图1是本公开提供的基于电容耦合的SRAM存算一体芯片的结构示意图之一;
图2是本公开提供的基于电容耦合的SRAM存算一体芯片中的4b-DAC的结构示意图;
图3是本公开提供的基于电容耦合的SRAM存算一体芯片中DAC阵列、输入稀疏感知模块与按位乘法模块连接示意图;
图4是本公开提供的基于电容耦合的SRAM存算一体芯片中每个位乘法单元的结构示意图;
图5是本公开提供的基于电容耦合的SRAM存算一体芯片中9T1C单元的乘法操作时序图;
图6是本公开提供的基于电容耦合的SRAM存算一体芯片的按位乘法模块中每个位乘法单元包括一列9T1C单元阵列时,按位乘法模块与电容衰减模块的连接示意图
图7是本公开提供的基于电容耦合的SRAM存算一体芯片中9T1C单元和HCA列的版图;
图8是本公开提供的基于电容耦合的SRAM存算一体芯片的结构示意图之二;
图9是本公开提供的基于电容耦合的SRAM存算一体芯片带输入稀疏感知的MAC运算的工作时序图;
图10是本公开提供的基于电容耦合的SRAM存算一体芯片在不同温度和工艺角下的模拟计算转移函数、线性拟合结果和工艺涨落的蒙特卡洛仿真示意图;
图11是图10中点A处蒙特卡罗模拟结果随MAC运算结果的分布图;
图12是图10中点B处蒙特卡罗模拟结果随MAC运算结果的分布图;
图13是图10中点C处蒙特卡罗模拟结果随MAC运算结果的分布图。
具体实施方式
为使本公开的目的、技术方案和优点更加清楚,下面将结合本公开中的附图,对本公开中的技术方案进行清楚、完整地描述,显然,所描述的实施例是本公开一部分实施例,而不是全部的实施例。
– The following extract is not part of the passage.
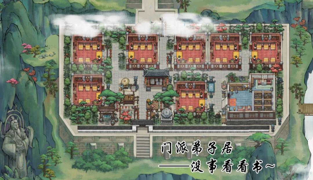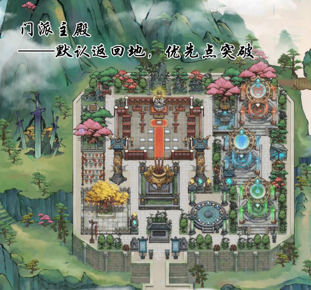 从弟子居沿着主路在往上走,就到了祖师爷殿了,祖师爷在哪,游戏默认回门派就会在哪,所以附近放一些常用建筑就好,比如每个月都有新弟子要突破什么的,要一个一个点,那突破就挨着祖师爷殿了。
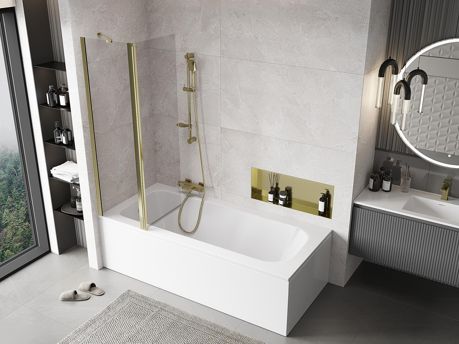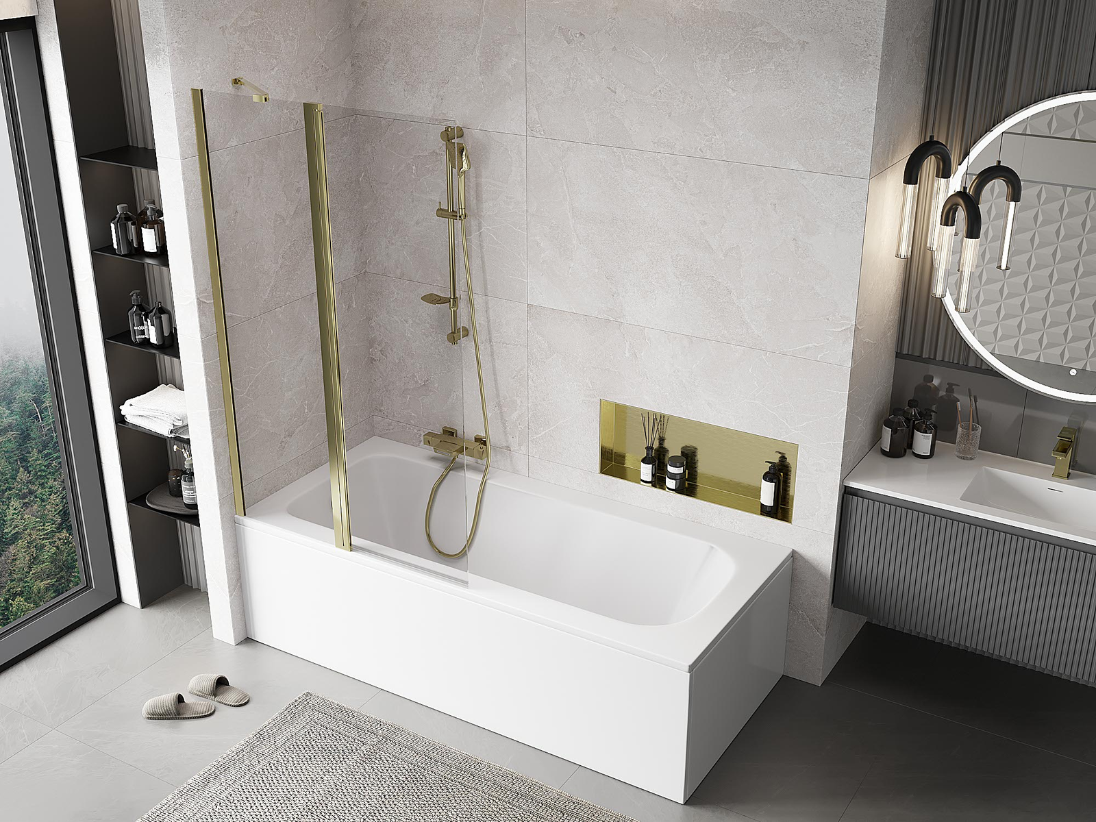 Mexen Mist параван за вана 2-крилен 100 x 150 см, прозрачен, златист - 8A9-100-011-50-00

基于本公开中的实施例,本领域普通技术人员在没有做出创造性劳动前提下所获得的所有其他实施例,都属于本公开保护的范围。
神经网络在模式识别、自动控制、金融分析、生物医疗等领域都得到了广泛应用并取得了优异的表现,卷积神经网络作为人工神经网络中应用最为广泛的一种网络,在图像处理方面的表现尤为出色。然而随着任务的复杂度不断增加,神经网络的规模不断增大,网络中的参数量、计算量也越来越大,这也就意味着神经网络映射到硬件上所消耗的资源和功耗日益增加。卷积神经网络中最核心,也是占比最多的运算为乘法累加(Multiply Accumulate,MAC)运算,因而实现一个低功耗卷积神经网络的关键在于低功耗MAC运算单元的设计。
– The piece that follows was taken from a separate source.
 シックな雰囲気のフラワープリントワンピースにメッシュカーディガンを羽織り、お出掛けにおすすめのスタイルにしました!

存内计算(Compute-In-Memory,CIM)技术,旨在把传统以计算为中心的架构转变为以数据为中心的架构,其直接利用存储器进行数据处理,从而把数据存储与计算融合在同一个芯片当中,可以彻底消除冯·诺依曼计算架构瓶颈,特别适用于深度学习神经网络(Deep Convolution Neural Network,DCNN)这种大数据量大规模并行的应用场景。这种***架构由于存储单元和计算单元集成在一起,不仅保留了存储电路本身所具有的存储和读写功能,同时可以支持不同的逻辑或者乘加运算,从而在很大程度上减少了中央处理器和存储器电路之间频繁的总线交互,也进一步降低了大量的数据搬移量,能够以超低的功耗进行大量并行的计算,极大地提升了***的能量效率,是推动人工智能应用实现高能效计算的一个极具潜力的研究方向。
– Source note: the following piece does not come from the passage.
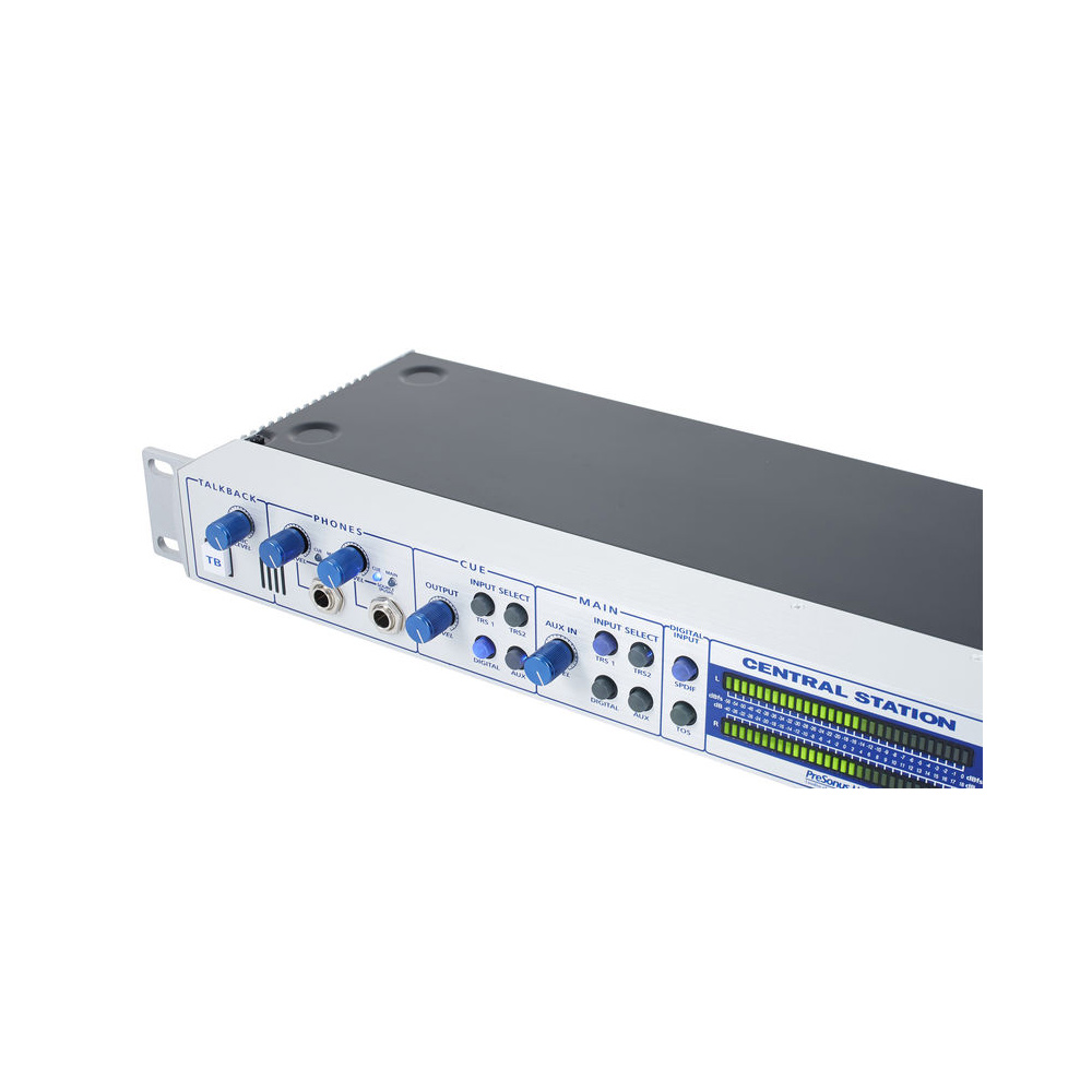 The Presonus Central Station Plus studio controller is one of the most popular controllers for professional studios today. It combines stereo inputs/outputs with excellent recording/communication functions, allowing you to utilize various audio sources and monitor systems. The Central Station Plus offers 2 stereo analog inputs with individual level control and connects 2 S/PDIF stereo sources via coaxial and optical inputs. You can monitor these sources using 3 pairs of different monitors with separate level adjustments for each.

以前的CIM结构,与传统冯·诺依曼架构相比,具有显著的能效和吞吐量优势。现有的SRAM-CIM通过晶体管电流实现MAC运算。但是,基于电流的计算非线性和涨落较差,导致DCNN的精度显著下降。基于电荷域计算的CIM,电容器的失配和工艺变化较小,具有较好的非线性和精度。然而,基于电荷域计算的CIM仍然面临一些挑战,包括:
第一,实现点乘的存储和计算单元设计需要在晶体管数量、尺寸和计算动态范围之间进行权衡,如采用8T1C单元,晶体管数目少,但在动态范围内会有阈值损失,而采用10T1C单元,虽然可以实现轨到轨的动态范围,但其存储和计算单元较大。
第二,为了实现多比特的权重累加,基于电荷域的CIM在模拟域使用开关阵列和额 外的控制信号实现电荷共享电路,或者在数字域使用移位器组和加法器组,前者共享控制复杂,延时大,后者功耗大,面积大。
第三,将模拟MAC运算结果转换为数字编码的多位模数转换器(Analog-to-Digital Converter,ADC)消耗大量的能源,对整体能源效率造成严重影响。
也就是说,现有的存算一体芯片,在实现多比特的数据累加时,因为在模拟域使用了开关阵列和额外的控制信号实现电荷共享电路,所以导致了共享控制复杂、延时大、降低存算一体芯片的计算性能以及能源效率等问题。为此,现急需提供一种基于电容耦合的SRAM存算一体芯片,以解决多比特数据累加时出现的问题。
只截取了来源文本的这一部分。